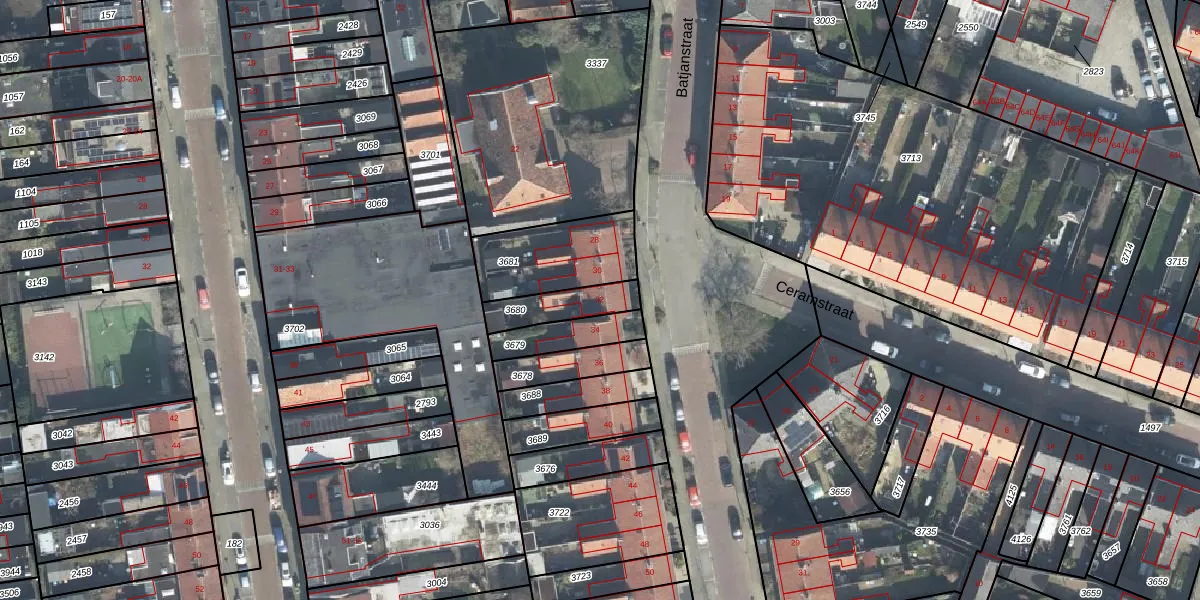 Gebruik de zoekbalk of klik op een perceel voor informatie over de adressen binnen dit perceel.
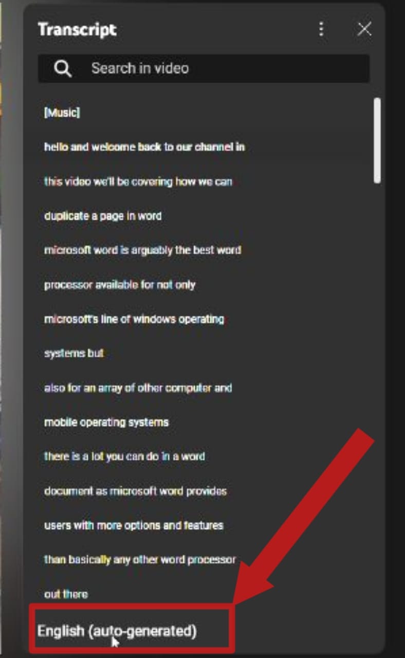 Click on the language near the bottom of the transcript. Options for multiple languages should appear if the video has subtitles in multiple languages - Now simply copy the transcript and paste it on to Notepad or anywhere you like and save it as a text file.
* * *
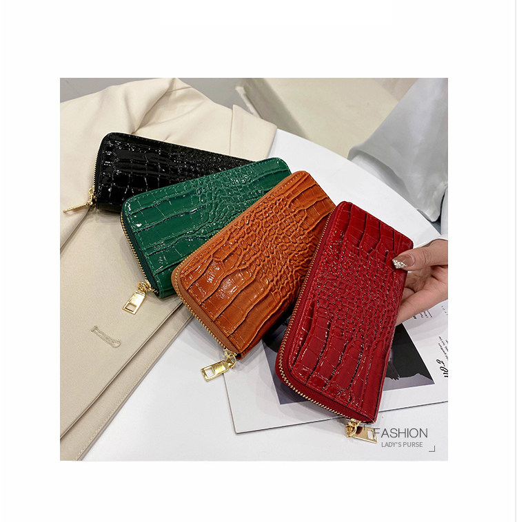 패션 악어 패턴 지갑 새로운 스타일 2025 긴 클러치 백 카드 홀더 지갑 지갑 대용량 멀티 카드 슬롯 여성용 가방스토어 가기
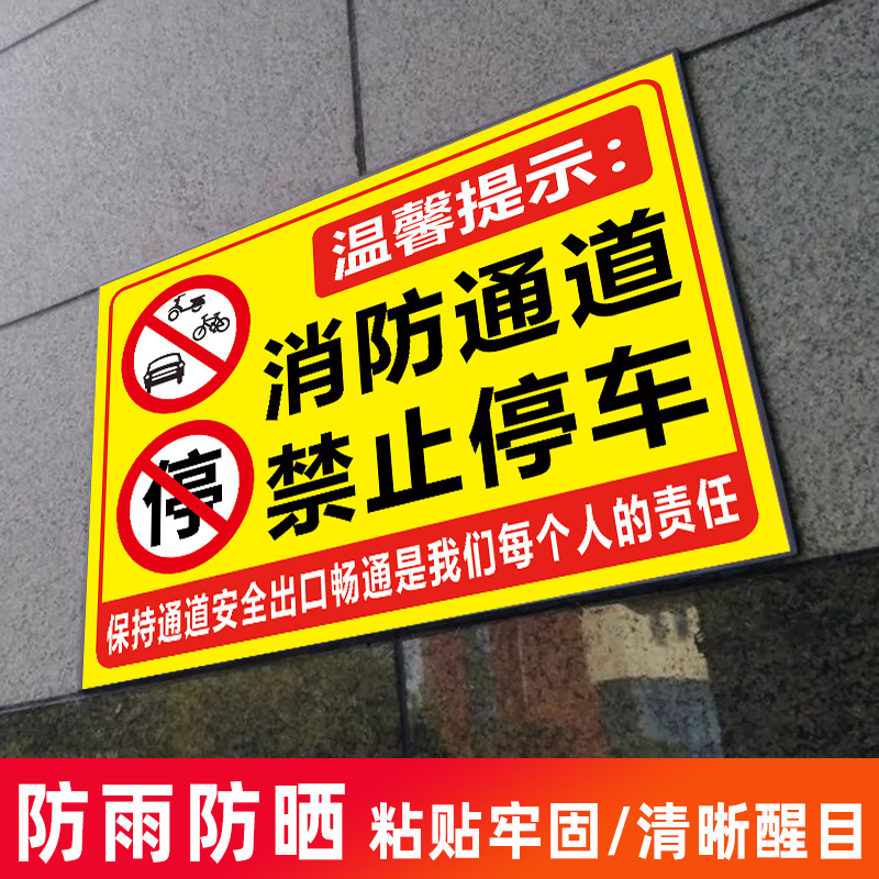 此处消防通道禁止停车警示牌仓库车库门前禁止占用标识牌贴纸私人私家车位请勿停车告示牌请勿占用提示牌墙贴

### [WORK TO BE COMPLETED]
Copy nothing but the lines above from the one with "Gebruik de zoekbalk" to the one with "Click on the", inclusive, word for word. Leave every picture out.

### [EXERCISE OUTPUT]
 Gebruik de zoekbalk of klik op een perceel voor informatie over de adressen binnen dit perceel.
 Click on the language near the bottom of the transcript. Options for multiple languages should appear if the video has subtitles in multiple languages - Now simply copy the transcript and paste it on to Notepad or anywhere you like and save it as a text file.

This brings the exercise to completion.